Давид встал. Ворона хрипло каркнула за окном.
— Благодарю вас, господин Бриль, — медленно произнес он. — Значит, среди всего этого вороньего карканья не прозвучало ни единой соловьиной ноты?
— Я бы не пропустил ее, — со вздохом ответил господин Бриль. — Я прочел каждое слово. Живите поэзией, юноша, и не пытайтесь больше писать.
— Благодарю вас, — повторил Давид. — Пойду домой, к моим овцам.
— Если вы согласитесь пообедать со мной, — сказал книжник, — и постараетесь не огорчаться, я подробно изложу вам мою точку зрения.
— Нет, — сказал Давид, — мне надо быть в поле и каркать на моих овец.
И со свертком стихов подмышкой он побрел обратно в Вернуа. Придя в деревню, он завернул в лавку Циглера — армянского еврея, который торговал всякой всячиной, попадавшей ему в руки.
— Друг, — сказал Давид, — волки таскают у меня овец из стада. Мне нужно какое-нибудь огнестрельное, оружие. Что вы можете предложить мне?

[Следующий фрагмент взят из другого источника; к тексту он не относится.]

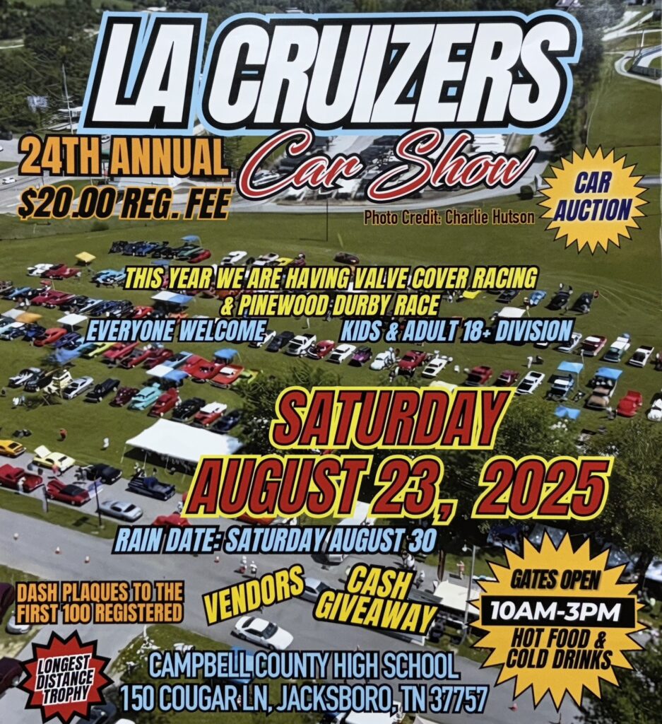 JACKSBORO, TN (WLAF)- Classic cars, hot food and cold drinks are the order of the day come Saturday, August 23, at the 24th annual LA Cruizers Car Show. Admission is free.
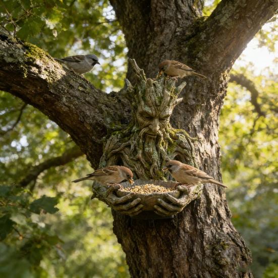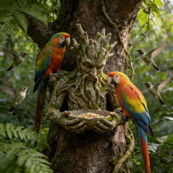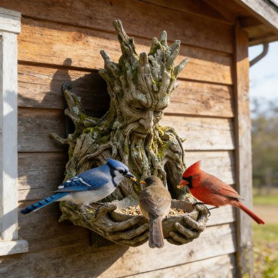 Многофункциональная фэнтезийная скульптура «Человек-дерево»: Помимо кормления птиц, эта уникальная скульптура служит нежным стражем вашего сада. Он надежно удерживает семена для прилетающих птиц, добавляя при этом воображаемое тепло и характер вашему уличному декору.. Художественное сочетание элементов, вдохновленных природой, делает его как функциональной кормушкой, так и завораживающим произведением садового искусства.
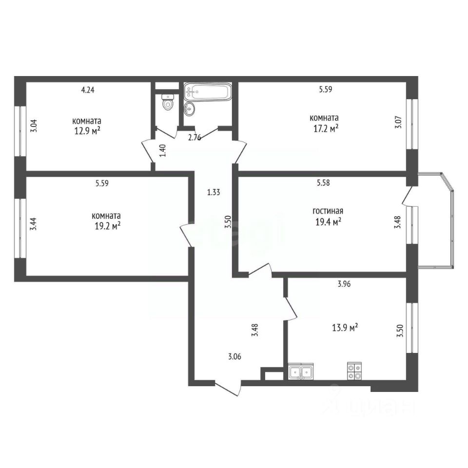 Квартира общей площадью 105.3 кв.м. это 4 просторные изолированные комнаты 12.9 кв.м., 19.2 кв.м., 17.2 кв.м., 19.4 кв.м., кухня 13.9 кв.м. и раздельные санузлы.
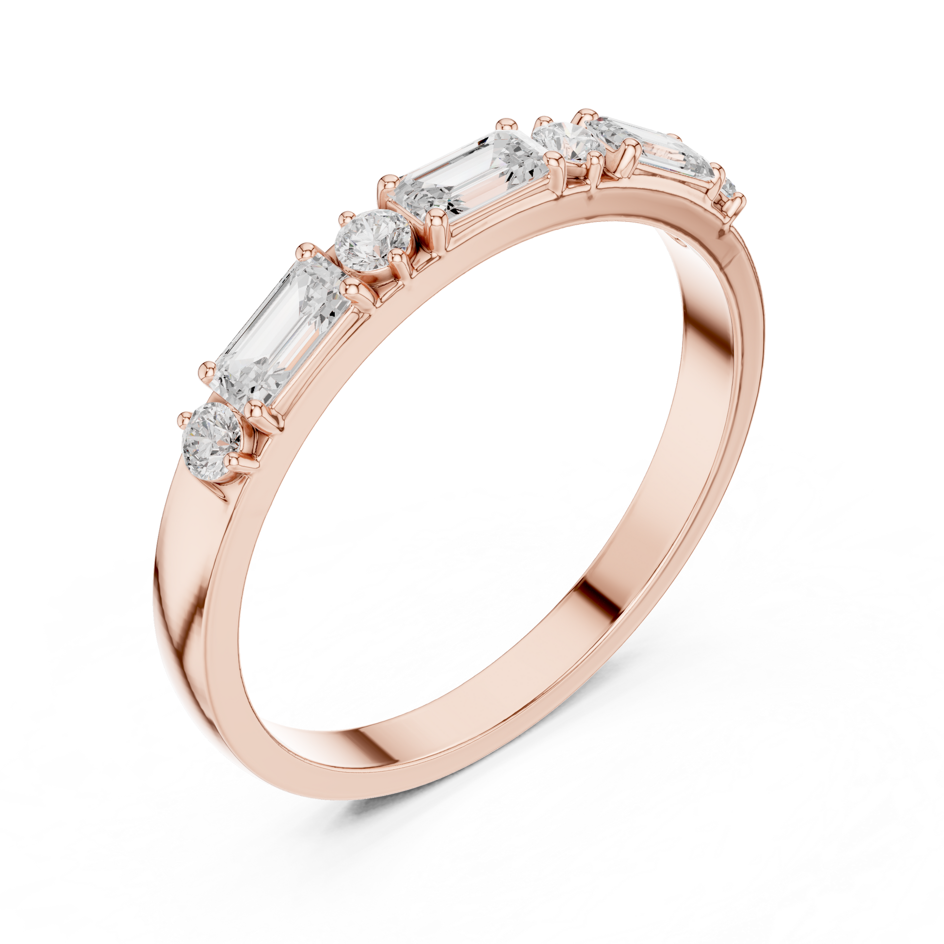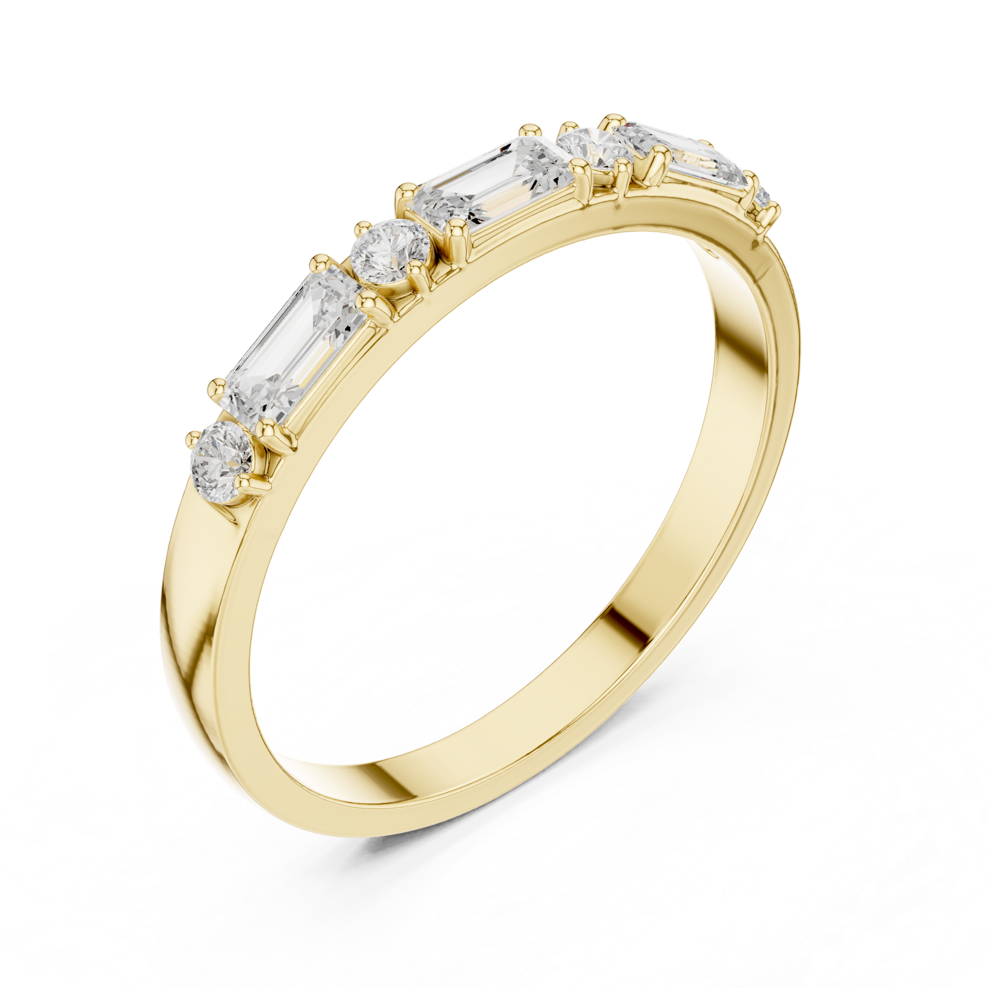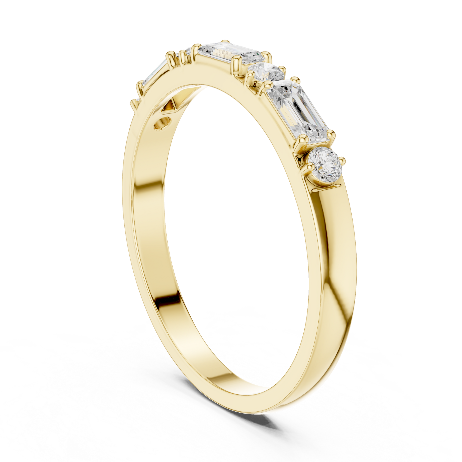 This refined gold band showcases a striking sequence of alternating baguette and round diamonds set in a sleek linear arrangement. The clean geometry of baguette cuts blends beautifully with the soft sparkle of round diamonds, creating a balanced and sophisticated design. Perfect for stacking, wedding wear, or modern luxury styling, this ring delivers timeless elegance with contemporary precision.

— Несчастливый у меня сегодня день, друг Миньо, — отвечал Циглер, разводя руками. — Придется, видно, отдать вам за бесценок великолепное оружие. Всего лишь на прошлой неделе я приобрел у бродячего торговца целую повозку разных вещей, которые он купил на распродаже имущества одного знатного вельможи, я не знаю его титула. Этот господин был отправлен в ссылку за участие в заговоре против короля, а замок его и все достояние — проданы с молотка по приказу короны. Я получил и кое-что из оружия, — превосходнейшие вещицы. Вот пистолет — о, это оружие, достойное принца! Вам он обойдется всего лишь в сорок франков, друг Миньо, и пусть я потеряю на этом деле десять франков. Но, может быть, вам требуется аркебуза…

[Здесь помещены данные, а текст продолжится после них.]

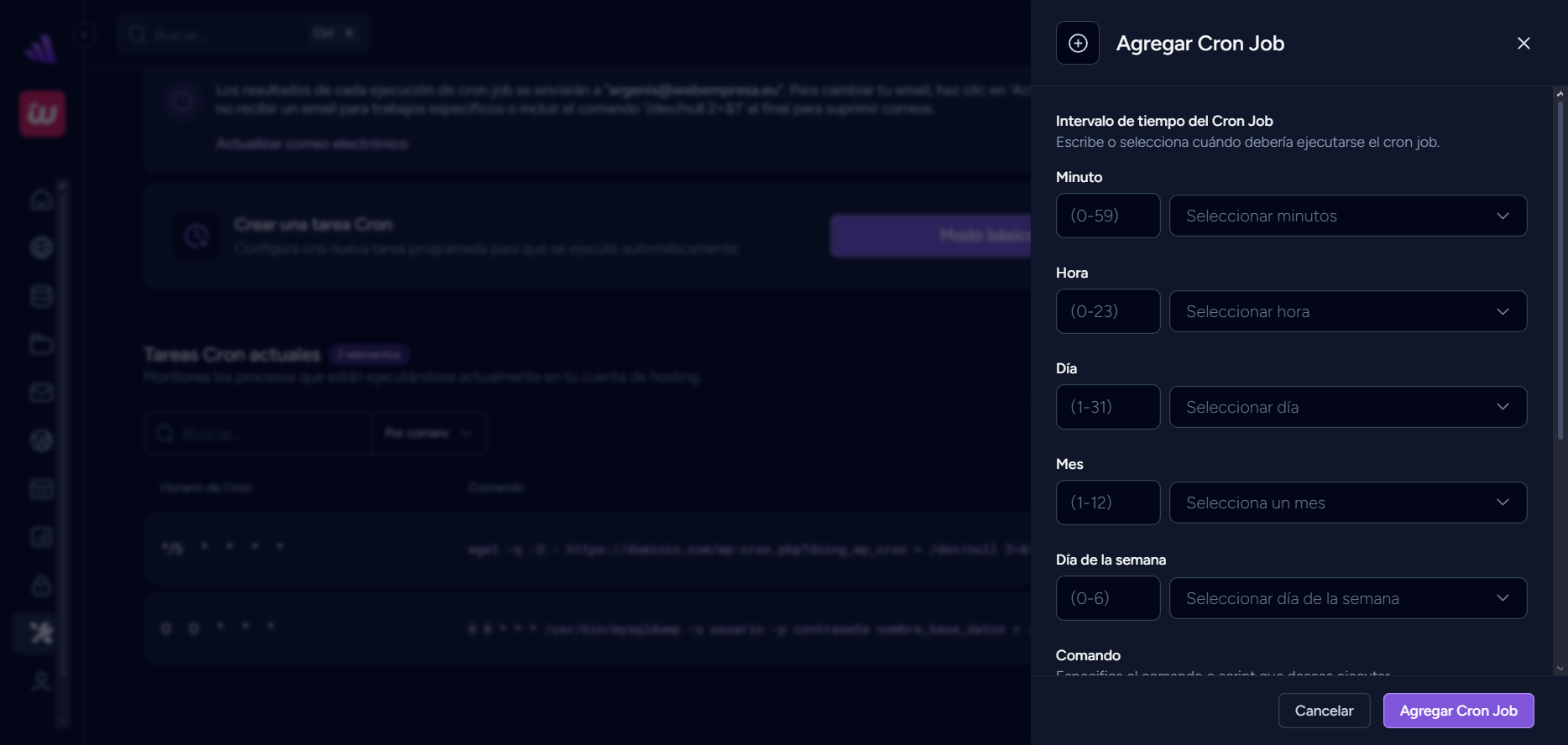 Las tareas Cron en WePanel nos permiten automatizar procesos en nuestro sitio web sin necesidad de intervención manual. Esto es en especial útil para ejecutar scripts de mantenimiento, enviar correos automáticos o actualizar ciertos elementos en WordPress.

— Пистолет мне подойдет, — отвечал Давид, бросая деньги на прилавок. — Он заряжен?
— Я сам заряжу его, — сказал Циглер, — а если вы добавите еще десять франков, дам вам запас пороха и пуль.
Давид сунул пистолет за пазуху и направился домой. Ивонны не было, в последнее время она часто уходила к соседкам. Но в кухонном очаге еще тлел огонь. Давид приоткрыл печную дверцу и кинул сверток со стихами на красные угли. Бумага вспыхнула, пламя взвилось, и в трубе раздался какой-то странный, хриплый звук.
— Карканье вороны, — сказал поэт.
Он поднялся на свой чердак и захлопнул дверь. В деревне стояла такая тишина, что множество людей услышало грохот выстрела из большого пистолета. Жители толпой бросились к дому Давида и, толкаясь, побежали на чердак, откуда тянулся дымок.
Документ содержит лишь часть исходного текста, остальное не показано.